I think that I am falling in love with the architecture of Luxembourg. This morning I have spent mostly walking around the streets of the city, with its curious mixture of old and new, and I am being continually taken in by the drama and beauty of the place. My hotel was right in the center of the city, and the city itself is quite compact: a hill surrounded by deep and defensible valleys, now bridged with great stone and concrete viaducts that carry highways and rail lines.
The streets in many places are nearly as narrow as Venice, but with high 18th century-style buildings more reminiscent of Paris. Even the newer construction often seems to have chosen either to fit in or to coherently and deliberately depart (and there is quite a bit of new architecture, Luxembourg having apparently been rather damaged in the tail end of World War II). Moreover, since the center is much more compact than either Paris or Venice, all these things combine to create a city where even a short walk turns around many corners of surprises, dramatic angles formed of the corners and confluences of little wriggling streets.

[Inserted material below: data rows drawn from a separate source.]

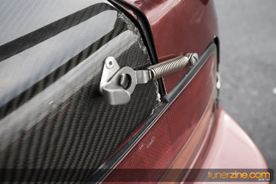 On the exterior, Harrison and Enjuku Racing kept the S13.5 tradition alive but converted the final look to a whole new monster. You see, when the car was originally built it sported a GP Sports body kit which was clean and stylish, but wasn’t optimized for what Enjuku Racing wanted to do. So off that went and on went a complete Origin body kit complete with Origin aS13.5 conversion fenders and Origin Type II rear 50mm fenders. Seibon lightens up the load with their carbon fiber S15 hood. In the rear is a stylish set of 180sx Nismo tail lights and a carbon fiber hatch.
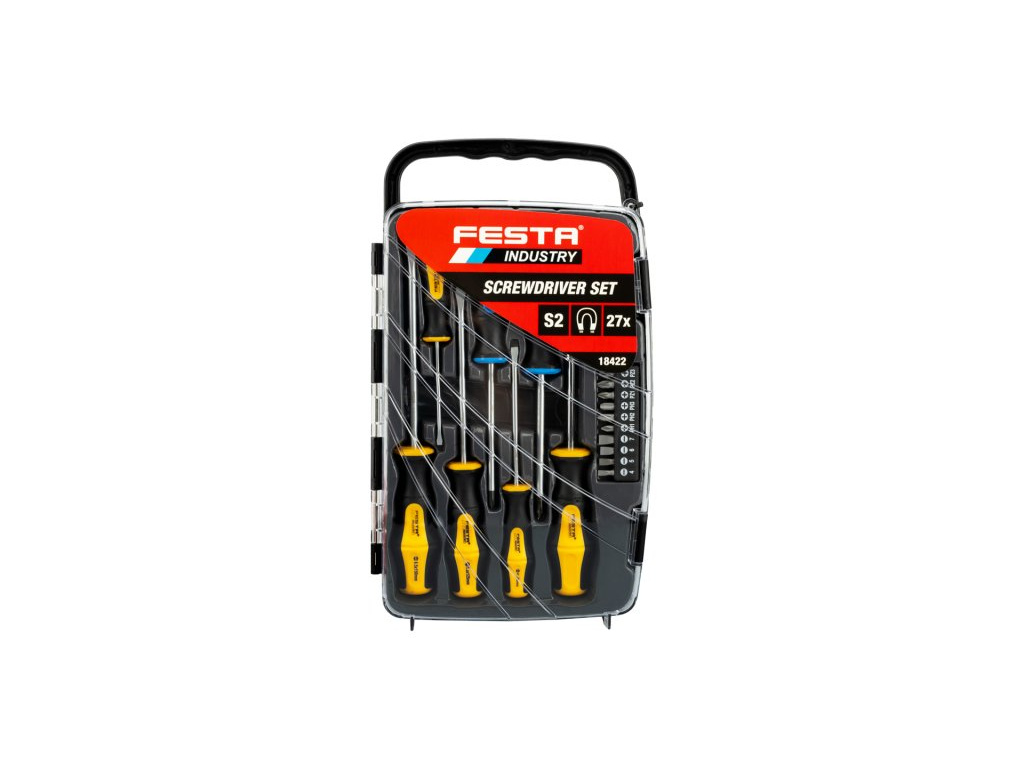 Sada šroubovák s bity 27ks. Legovaná ocel S2, magnetická koncovka,
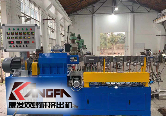35型色母粒專用內(nèi)置水路、真空系統(tǒng),PLC控制柜雙螺桿擠出機,質(zhì)檢部嚴格試機過程中

At the edge of the hill, the city drops off sharply, with steep stairs and roads plunging down into the parkland of the river valley. Along the side of the valley are old castles, pastel-colored stone houses marching down the side of the slope, and even homes driven into the rock itself. On the far side rise cranes and the glass towers of the country's industry, though I'm not sure whether those particular towers hold banking or software or European government.

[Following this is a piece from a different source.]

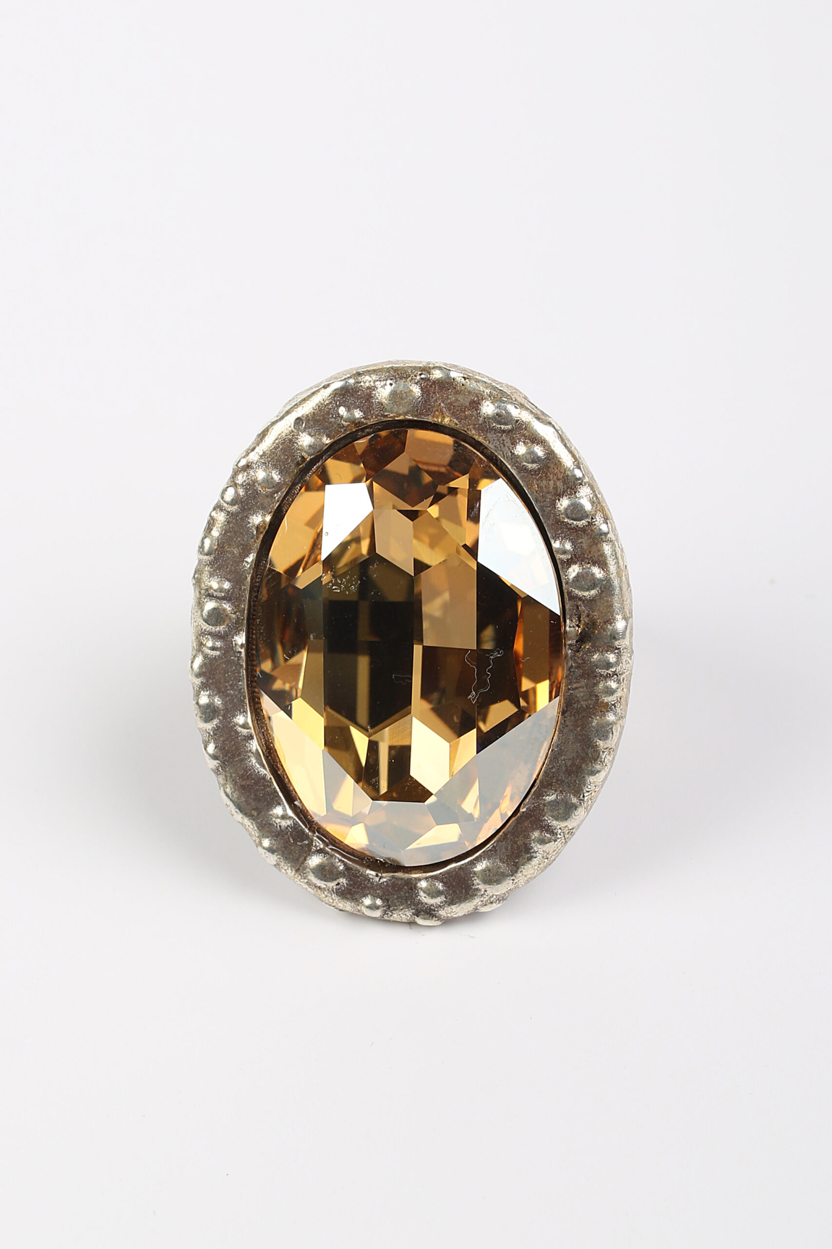 Anillo majestuoso , audaz y con un espíritu indomable, el Queen Golden Shadow es mucho más que un anillo: es una declaración de poder y rebeldía. Su diseño ovalado de gran tamaño alberga un espectacular Swarovski color esmeralda, cuyo brillo hipnotiza y seduce a primera vista.

It is a rather international city as well, as befits a small country that attempted neutrality for a long time, then after its experience in World War II turned about and fiercely embraced the new order that it helped to create, as one of the founders and agitators for both the European Union and NATO. I walked along a major road named Franklin D. Roosevelt Boulevard, and not far away is another street named for John F Kennedy. I hear many languages in the streets, and see at least at least a smattering of cross-cultural couples. Nearly every advertisement that I have seen has something to do with the way the country sees itself as a crossroads, a place not on its own, but defined through its connections with the rest of the world. Luxembourg intrigues me, and I need to come here again with more time to spend.
Now, I am sitting on the steps of a public building on the edge of one of the city squares, listening to blacksmiths pounding out ornaments in the bustling Christmas market in front of me, and amazed to find myself automatically online (perhaps it is the university) so I can even upload this post while it is fresh on my mind. Good job, Luxembourg: yet another way I like you.